# About this task
Start to finish, copy the data exactly.

# Given material

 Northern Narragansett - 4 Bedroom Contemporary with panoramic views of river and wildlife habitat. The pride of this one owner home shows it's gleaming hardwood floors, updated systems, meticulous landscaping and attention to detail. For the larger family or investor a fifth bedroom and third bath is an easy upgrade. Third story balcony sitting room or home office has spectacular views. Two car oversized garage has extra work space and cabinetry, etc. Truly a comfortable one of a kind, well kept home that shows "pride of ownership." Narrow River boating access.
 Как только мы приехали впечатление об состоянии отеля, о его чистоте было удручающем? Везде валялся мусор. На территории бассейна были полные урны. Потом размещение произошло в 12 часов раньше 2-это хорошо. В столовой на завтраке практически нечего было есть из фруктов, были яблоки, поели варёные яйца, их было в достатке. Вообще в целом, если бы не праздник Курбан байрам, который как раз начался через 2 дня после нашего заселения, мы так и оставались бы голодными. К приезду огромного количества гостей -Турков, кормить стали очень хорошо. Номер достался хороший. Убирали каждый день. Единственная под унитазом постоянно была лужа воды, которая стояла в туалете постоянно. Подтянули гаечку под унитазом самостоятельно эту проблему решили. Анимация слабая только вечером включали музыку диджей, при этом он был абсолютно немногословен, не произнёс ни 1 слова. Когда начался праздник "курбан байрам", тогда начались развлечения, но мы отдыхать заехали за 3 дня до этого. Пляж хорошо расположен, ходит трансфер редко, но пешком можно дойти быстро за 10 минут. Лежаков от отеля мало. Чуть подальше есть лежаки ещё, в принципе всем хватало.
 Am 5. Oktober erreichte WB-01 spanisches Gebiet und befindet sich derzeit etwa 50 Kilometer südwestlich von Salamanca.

# The answer
 Northern Narragansett - 4 Bedroom Contemporary with panoramic views of river and wildlife habitat. The pride of this one owner home shows it's gleaming hardwood floors, updated systems, meticulous landscaping and attention to detail. For the larger family or investor a fifth bedroom and third bath is an easy upgrade. Third story balcony sitting room or home office has spectacular views. Two car oversized garage has extra work space and cabinetry, etc. Truly a comfortable one of a kind, well kept home that shows "pride of ownership." Narrow River boating access.
 Как только мы приехали впечатление об состоянии отеля, о его чистоте было удручающем? Везде валялся мусор. На территории бассейна были полные урны. Потом размещение произошло в 12 часов раньше 2-это хорошо. В столовой на завтраке практически нечего было есть из фруктов, были яблоки, поели варёные яйца, их было в достатке. Вообще в целом, если бы не праздник Курбан байрам, который как раз начался через 2 дня после нашего заселения, мы так и оставались бы голодными. К приезду огромного количества гостей -Турков, кормить стали очень хорошо. Номер достался хороший. Убирали каждый день. Единственная под унитазом постоянно была лужа воды, которая стояла в туалете постоянно. Подтянули гаечку под унитазом самостоятельно эту проблему решили. Анимация слабая только вечером включали музыку диджей, при этом он был абсолютно немногословен, не произнёс ни 1 слова. Когда начался праздник "курбан байрам", тогда начались развлечения, но мы отдыхать заехали за 3 дня до этого. Пляж хорошо расположен, ходит трансфер редко, но пешком можно дойти быстро за 10 минут. Лежаков от отеля мало. Чуть подальше есть лежаки ещё, в принципе всем хватало.
 Am 5. Oktober erreichte WB-01 spanisches Gebiet und befindet sich derzeit etwa 50 Kilometer südwestlich von Salamanca.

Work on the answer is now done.